→ WHAT THIS TASK INVOLVES: Please reproduce the entries below exactly, omitting any images they contain.

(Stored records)
——
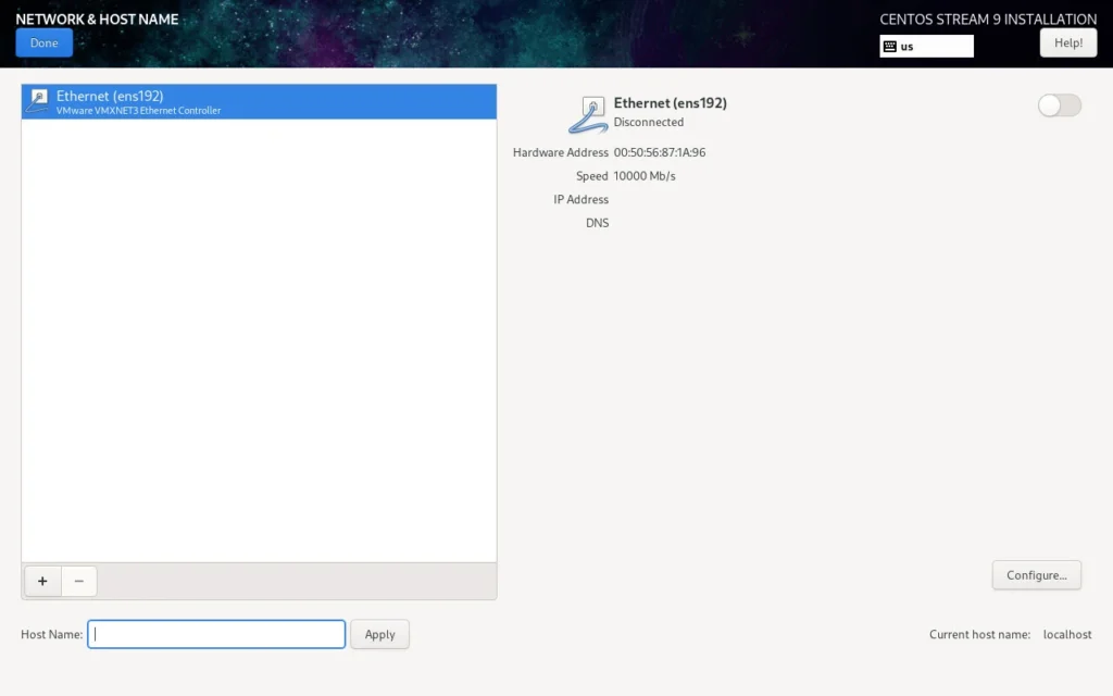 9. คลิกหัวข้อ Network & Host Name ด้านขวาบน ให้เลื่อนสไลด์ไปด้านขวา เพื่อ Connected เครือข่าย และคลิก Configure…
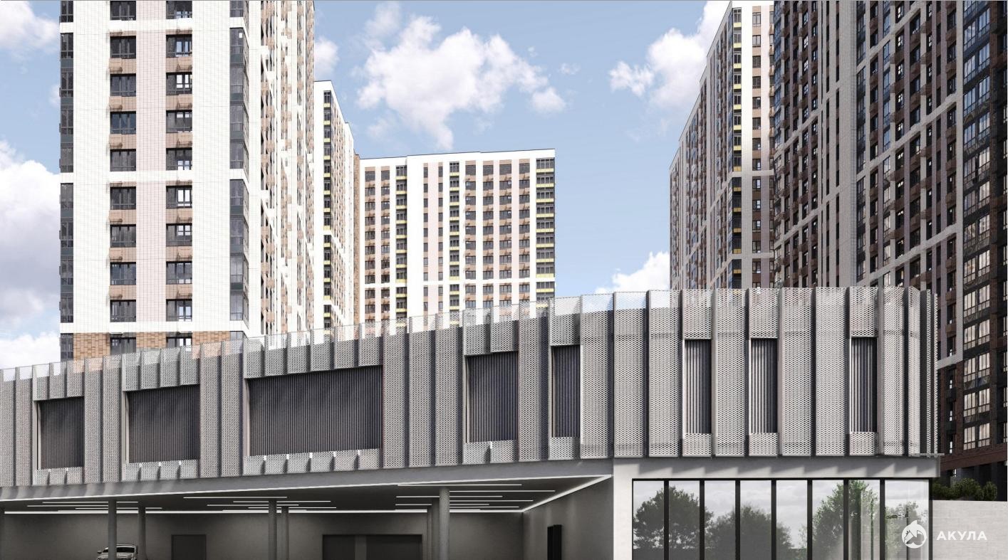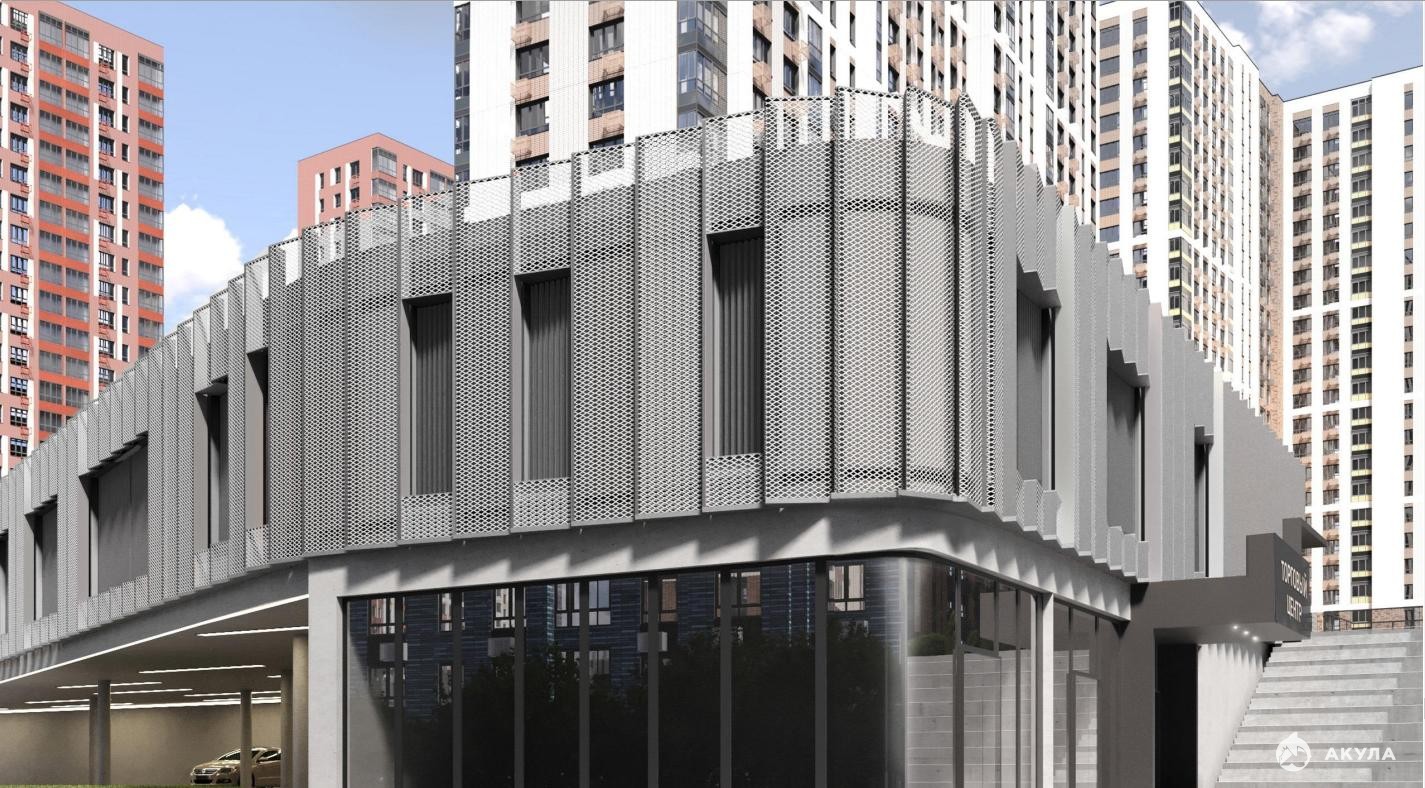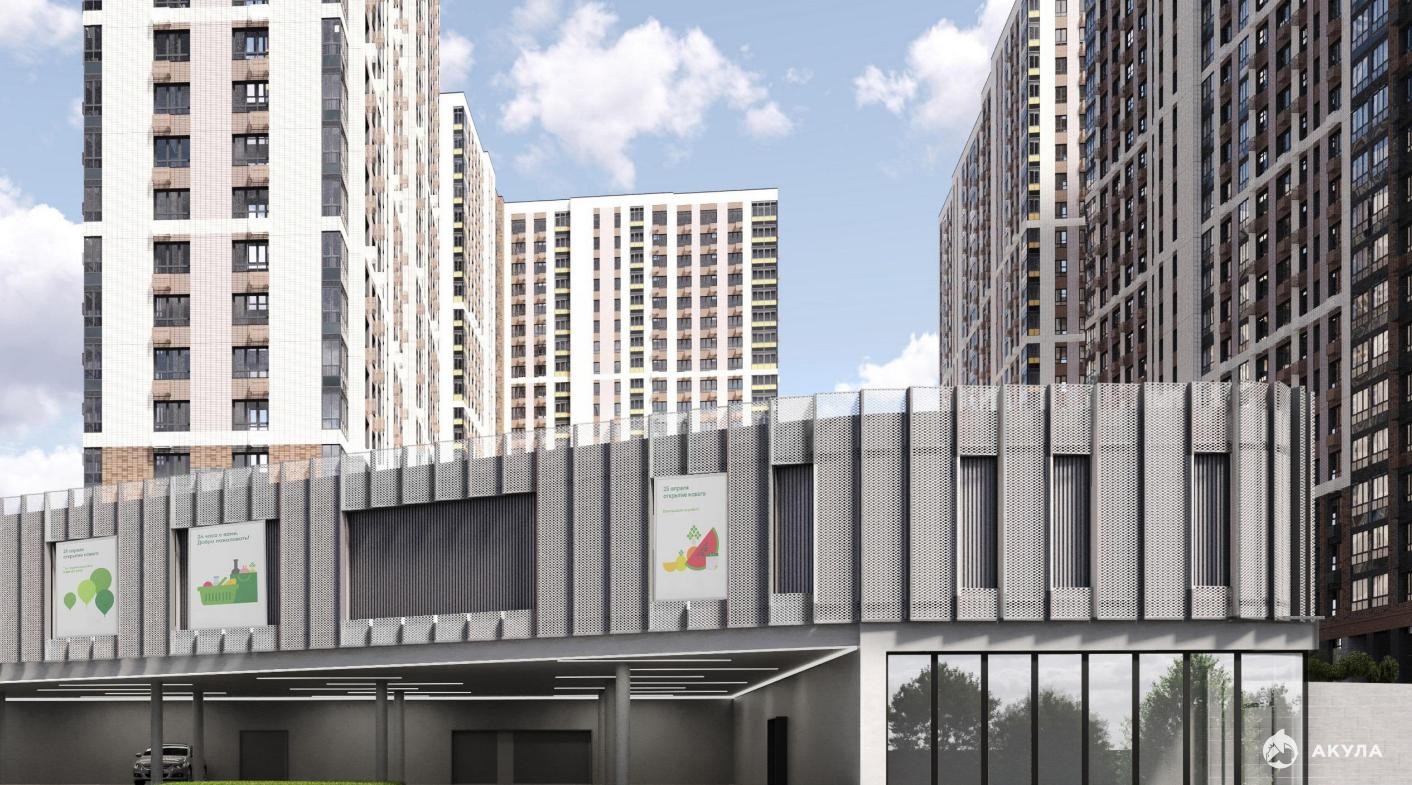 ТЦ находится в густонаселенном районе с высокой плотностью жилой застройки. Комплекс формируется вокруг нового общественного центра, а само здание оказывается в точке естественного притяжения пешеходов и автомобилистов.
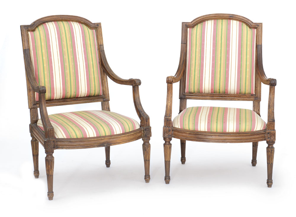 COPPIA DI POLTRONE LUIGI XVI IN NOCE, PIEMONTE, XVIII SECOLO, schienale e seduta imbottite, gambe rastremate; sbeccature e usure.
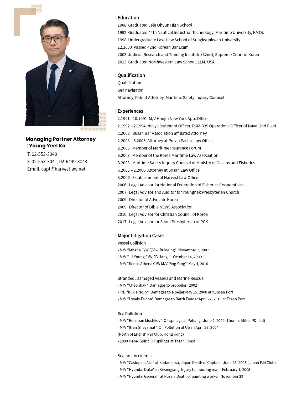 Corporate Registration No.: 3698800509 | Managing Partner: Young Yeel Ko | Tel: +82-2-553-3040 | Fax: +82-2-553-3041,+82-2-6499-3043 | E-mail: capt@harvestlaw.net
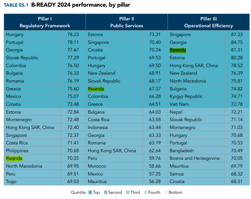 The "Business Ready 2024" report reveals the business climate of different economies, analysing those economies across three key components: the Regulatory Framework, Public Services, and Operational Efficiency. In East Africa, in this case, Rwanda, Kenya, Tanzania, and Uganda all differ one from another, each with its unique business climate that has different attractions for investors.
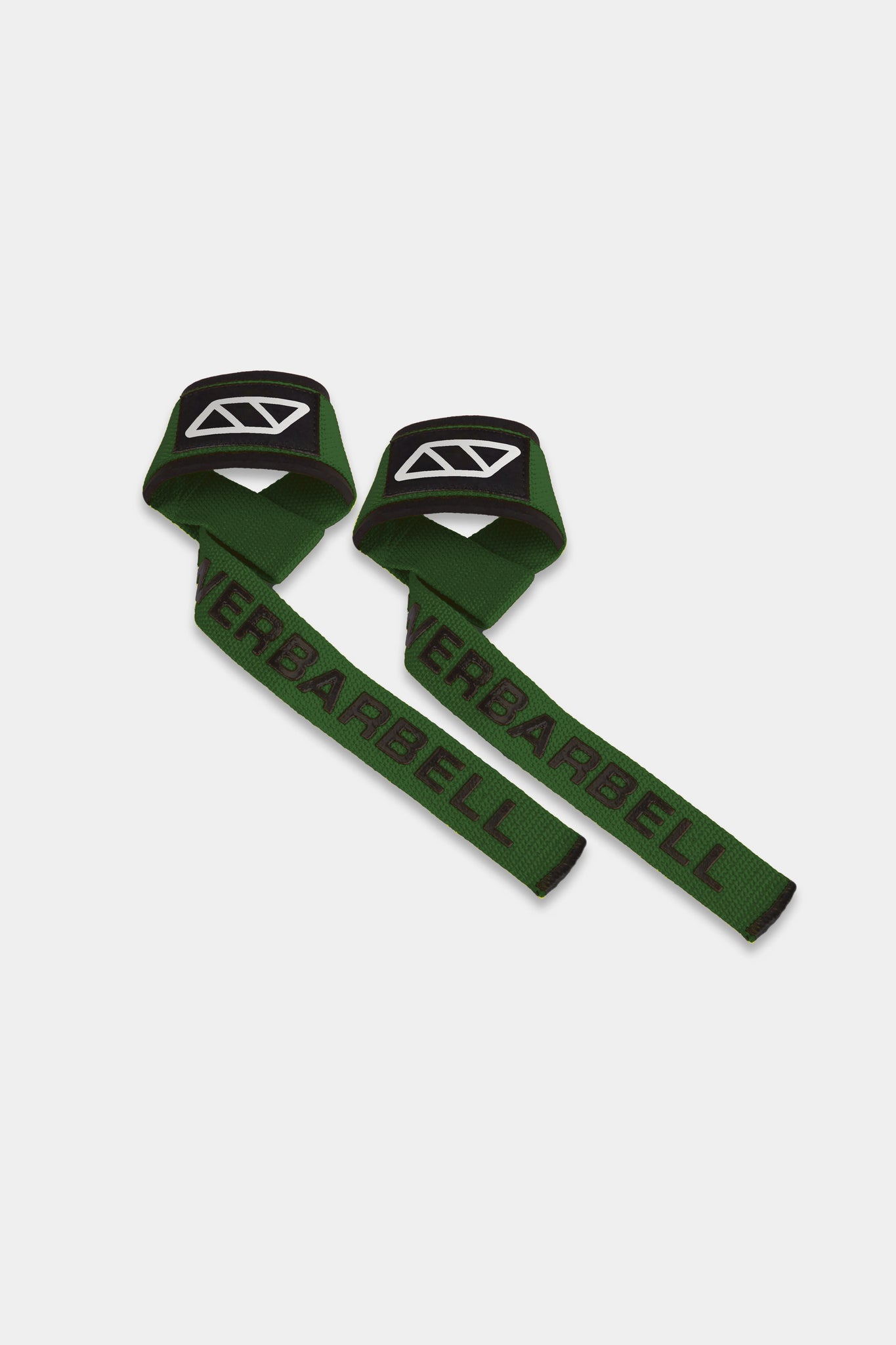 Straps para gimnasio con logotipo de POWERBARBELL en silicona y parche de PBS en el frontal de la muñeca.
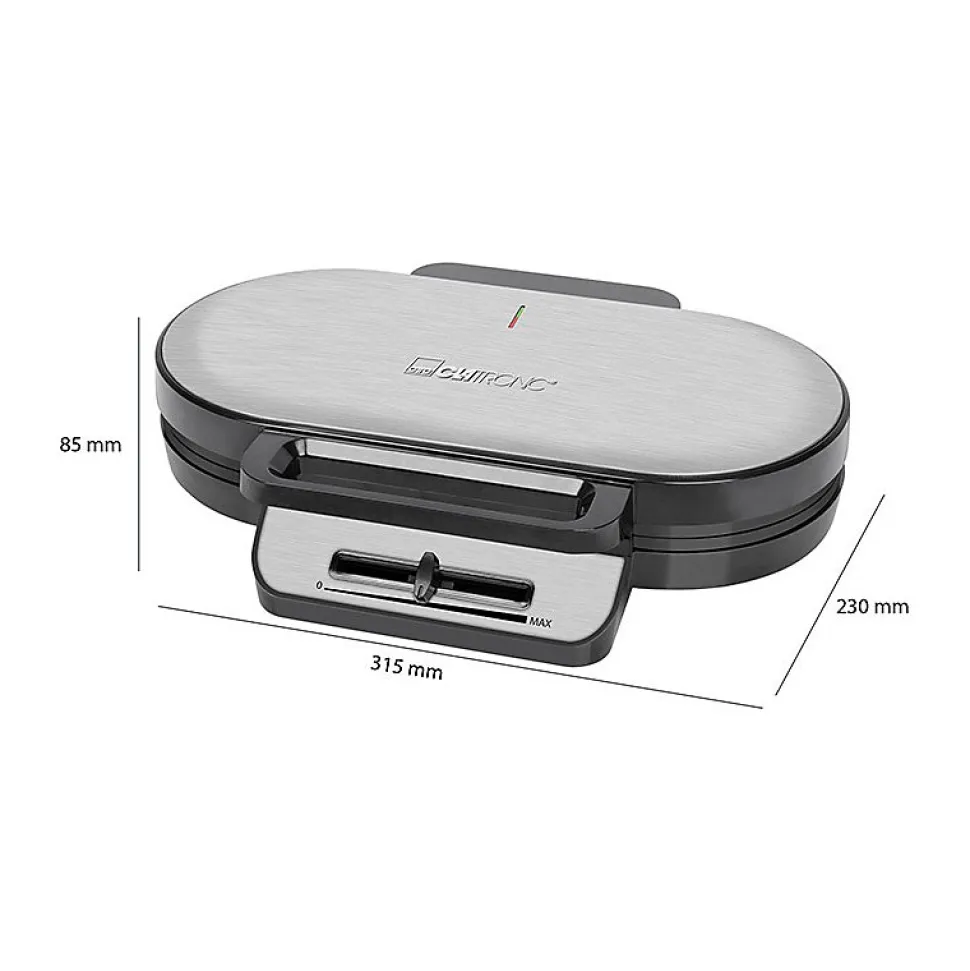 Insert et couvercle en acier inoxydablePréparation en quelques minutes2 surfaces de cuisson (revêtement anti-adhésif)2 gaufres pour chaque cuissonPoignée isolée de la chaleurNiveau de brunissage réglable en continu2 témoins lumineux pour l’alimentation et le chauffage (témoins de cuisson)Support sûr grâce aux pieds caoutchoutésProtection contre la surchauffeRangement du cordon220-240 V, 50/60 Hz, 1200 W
——
→ WRITTEN ANSWER:
 9. คลิกหัวข้อ Network & Host Name ด้านขวาบน ให้เลื่อนสไลด์ไปด้านขวา เพื่อ Connected เครือข่าย และคลิก Configure…
 ТЦ находится в густонаселенном районе с высокой плотностью жилой застройки. Комплекс формируется вокруг нового общественного центра, а само здание оказывается в точке естественного притяжения пешеходов и автомобилистов.
 COPPIA DI POLTRONE LUIGI XVI IN NOCE, PIEMONTE, XVIII SECOLO, schienale e seduta imbottite, gambe rastremate; sbeccature e usure.
 Corporate Registration No.: 3698800509 | Managing Partner: Young Yeel Ko | Tel: +82-2-553-3040 | Fax: +82-2-553-3041,+82-2-6499-3043 | E-mail: capt@harvestlaw.net
 The "Business Ready 2024" report reveals the business climate of different economies, analysing those economies across three key components: the Regulatory Framework, Public Services, and Operational Efficiency. In East Africa, in this case, Rwanda, Kenya, Tanzania, and Uganda all differ one from another, each with its unique business climate that has different attractions for investors.
 Straps para gimnasio con logotipo de POWERBARBELL en silicona y parche de PBS en el frontal de la muñeca.
 Insert et couvercle en acier inoxydablePréparation en quelques minutes2 surfaces de cuisson (revêtement anti-adhésif)2 gaufres pour chaque cuissonPoignée isolée de la chaleurNiveau de brunissage réglable en continu2 témoins lumineux pour l’alimentation et le chauffage (témoins de cuisson)Support sûr grâce aux pieds caoutchoutésProtection contre la surchauffeRangement du cordon220-240 V, 50/60 Hz, 1200 W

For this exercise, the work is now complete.